» **Task to carry out**:
Every line of the entries below from the one containing "還有一些附屬小物,比如透明牙" to the one containing "Размеры барабанов серии", both ends included, must be written out exactly. No other line belongs in the answer.

» **Supplied records**:

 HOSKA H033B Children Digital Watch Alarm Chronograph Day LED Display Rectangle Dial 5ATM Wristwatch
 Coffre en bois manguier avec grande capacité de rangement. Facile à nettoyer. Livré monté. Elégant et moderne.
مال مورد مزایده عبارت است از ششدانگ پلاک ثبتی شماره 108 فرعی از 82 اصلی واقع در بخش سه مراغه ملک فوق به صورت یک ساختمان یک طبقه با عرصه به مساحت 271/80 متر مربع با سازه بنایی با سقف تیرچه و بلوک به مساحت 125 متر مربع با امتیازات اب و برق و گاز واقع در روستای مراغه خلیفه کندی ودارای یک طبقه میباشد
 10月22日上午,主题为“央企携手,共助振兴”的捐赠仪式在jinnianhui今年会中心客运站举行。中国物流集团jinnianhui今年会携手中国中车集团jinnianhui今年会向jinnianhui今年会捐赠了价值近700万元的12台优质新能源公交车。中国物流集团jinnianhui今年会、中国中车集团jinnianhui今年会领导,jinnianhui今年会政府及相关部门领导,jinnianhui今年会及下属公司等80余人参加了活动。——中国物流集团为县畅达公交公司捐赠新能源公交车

...

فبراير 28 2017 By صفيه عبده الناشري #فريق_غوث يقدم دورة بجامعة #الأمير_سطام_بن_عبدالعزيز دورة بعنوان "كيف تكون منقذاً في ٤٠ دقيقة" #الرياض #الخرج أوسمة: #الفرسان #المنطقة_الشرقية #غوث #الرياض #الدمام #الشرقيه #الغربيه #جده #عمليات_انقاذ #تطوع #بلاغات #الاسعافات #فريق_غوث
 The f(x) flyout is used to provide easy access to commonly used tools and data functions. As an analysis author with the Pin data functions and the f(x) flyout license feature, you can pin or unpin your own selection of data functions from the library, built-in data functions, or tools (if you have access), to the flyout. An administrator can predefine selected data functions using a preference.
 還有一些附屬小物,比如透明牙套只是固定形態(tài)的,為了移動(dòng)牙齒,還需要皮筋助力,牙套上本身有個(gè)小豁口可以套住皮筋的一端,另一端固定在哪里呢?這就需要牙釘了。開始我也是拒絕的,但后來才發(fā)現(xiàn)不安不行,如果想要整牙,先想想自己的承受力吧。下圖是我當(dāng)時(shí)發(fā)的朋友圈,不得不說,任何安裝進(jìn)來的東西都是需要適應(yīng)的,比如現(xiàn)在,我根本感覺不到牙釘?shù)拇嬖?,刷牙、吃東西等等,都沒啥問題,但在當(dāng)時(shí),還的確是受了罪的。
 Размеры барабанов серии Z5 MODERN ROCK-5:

» **Your response**:
 還有一些附屬小物,比如透明牙套只是固定形態(tài)的,為了移動(dòng)牙齒,還需要皮筋助力,牙套上本身有個(gè)小豁口可以套住皮筋的一端,另一端固定在哪里呢?這就需要牙釘了。開始我也是拒絕的,但后來才發(fā)現(xiàn)不安不行,如果想要整牙,先想想自己的承受力吧。下圖是我當(dāng)時(shí)發(fā)的朋友圈,不得不說,任何安裝進(jìn)來的東西都是需要適應(yīng)的,比如現(xiàn)在,我根本感覺不到牙釘?shù)拇嬖?,刷牙、吃東西等等,都沒啥問題,但在當(dāng)時(shí),還的確是受了罪的。
 Размеры барабанов серии Z5 MODERN ROCK-5:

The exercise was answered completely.